[AVAILABLE DATA Boundary: Start]

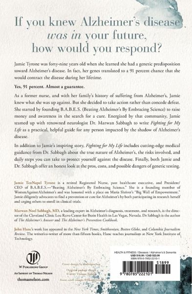 A practical, helpful guide on how to fight back against Alzheimer's disease--with expert medical advice and one woman's inspiring personal journey. Jamie Tyrone was forty-nine years old when she learned by accident through genetic testing that she had a 91% chance of getting Alzheimer's disease. She was shocked, but after an initial bout with depression she decided to take action rather than concede defeat. Jamie teamed up with Dr. Marwan Sabbagh, a renowned neurologist, and together they created a resource detailing not just Jamie's experience, but expert medical advice for anyone facing the disease. This book is a practical, helpful guide for those who know they're at greater risk of contracting Alzheimer's disease. With cutting-edge medical guidance from Dr. Sabbagh about the true nature of Alzheimer's, the risks involved, and daily steps you can take to protect yourself, Jamie's story will encourage and empower you. In Fighting for My Life, readers will: * Gain expert medical advice from Dr. Sabbagh on how to fight back against the disease * Discover the pros, cons and possible dangers of genetic testing * Witness a first-hand account of how to deal with the shadow of Alzheimer's disease through Jamie's story If Alzheimer's has affected your life or the life of someone you know, this book is for you. You'll be armed with information and ready to tackle Alzheimer's head-on.
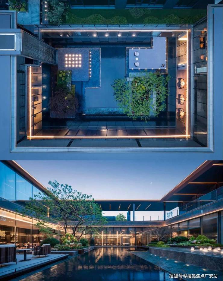 山水入画营造下沉式中央庭院 ,约12米飞流星瀑,臻选蓝翡翠奢石打造银河水境,百年丛生乌桕封藏四季风景,邀山水融自然,一方东方禅意画境
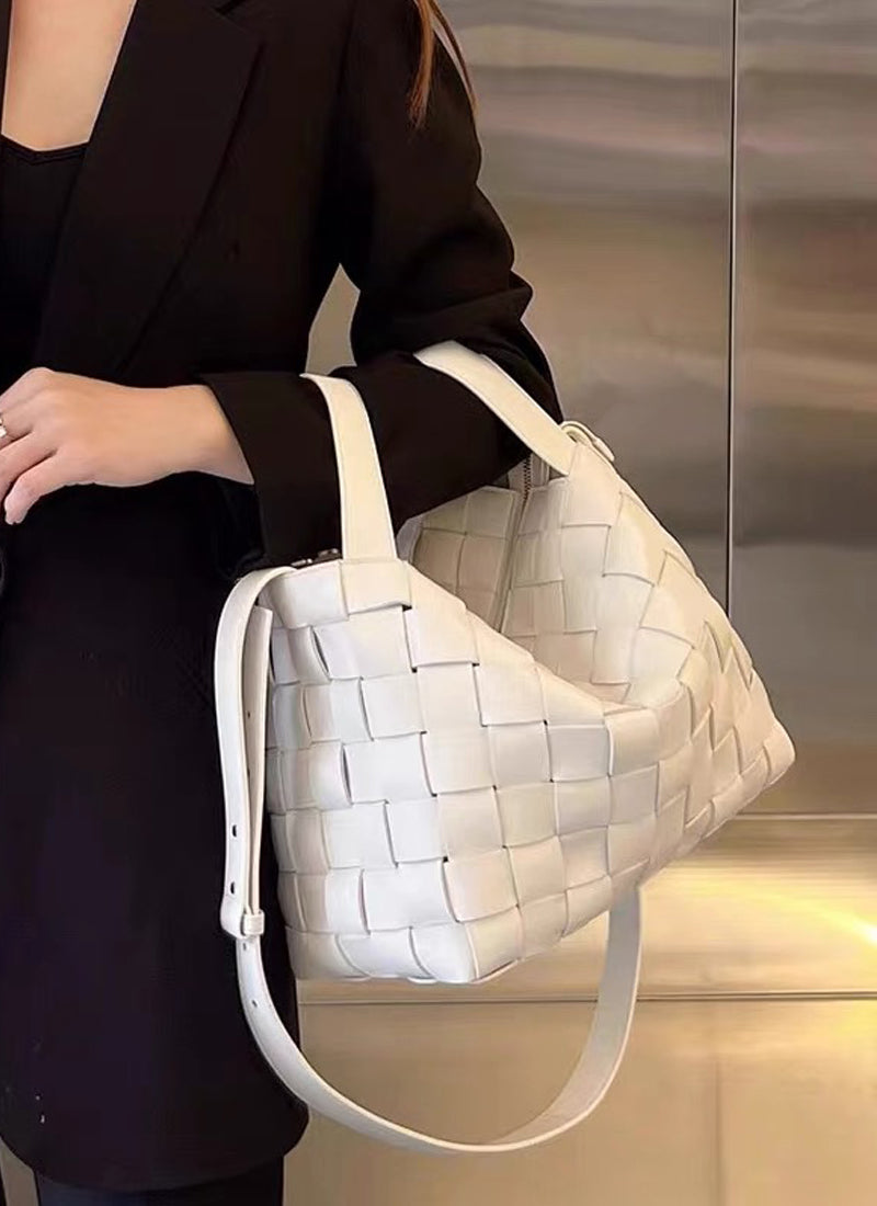 ISOLE公式|ホワイト色の太め牛革編み込み3WAYショルダーバッグ

[AVAILABLE DATA Boundary: End]

#### PROBLEM DESCRIPTION
Copy out the listing exactly as it stands, but not the pictures.

#### WRITTEN RESPONSE
 A practical, helpful guide on how to fight back against Alzheimer's disease--with expert medical advice and one woman's inspiring personal journey. Jamie Tyrone was forty-nine years old when she learned by accident through genetic testing that she had a 91% chance of getting Alzheimer's disease. She was shocked, but after an initial bout with depression she decided to take action rather than concede defeat. Jamie teamed up with Dr. Marwan Sabbagh, a renowned neurologist, and together they created a resource detailing not just Jamie's experience, but expert medical advice for anyone facing the disease. This book is a practical, helpful guide for those who know they're at greater risk of contracting Alzheimer's disease. With cutting-edge medical guidance from Dr. Sabbagh about the true nature of Alzheimer's, the risks involved, and daily steps you can take to protect yourself, Jamie's story will encourage and empower you. In Fighting for My Life, readers will: * Gain expert medical advice from Dr. Sabbagh on how to fight back against the disease * Discover the pros, cons and possible dangers of genetic testing * Witness a first-hand account of how to deal with the shadow of Alzheimer's disease through Jamie's story If Alzheimer's has affected your life or the life of someone you know, this book is for you. You'll be armed with information and ready to tackle Alzheimer's head-on.
 山水入画营造下沉式中央庭院 ,约12米飞流星瀑,臻选蓝翡翠奢石打造银河水境,百年丛生乌桕封藏四季风景,邀山水融自然,一方东方禅意画境
 ISOLE公式|ホワイト色の太め牛革編み込み3WAYショルダーバッグ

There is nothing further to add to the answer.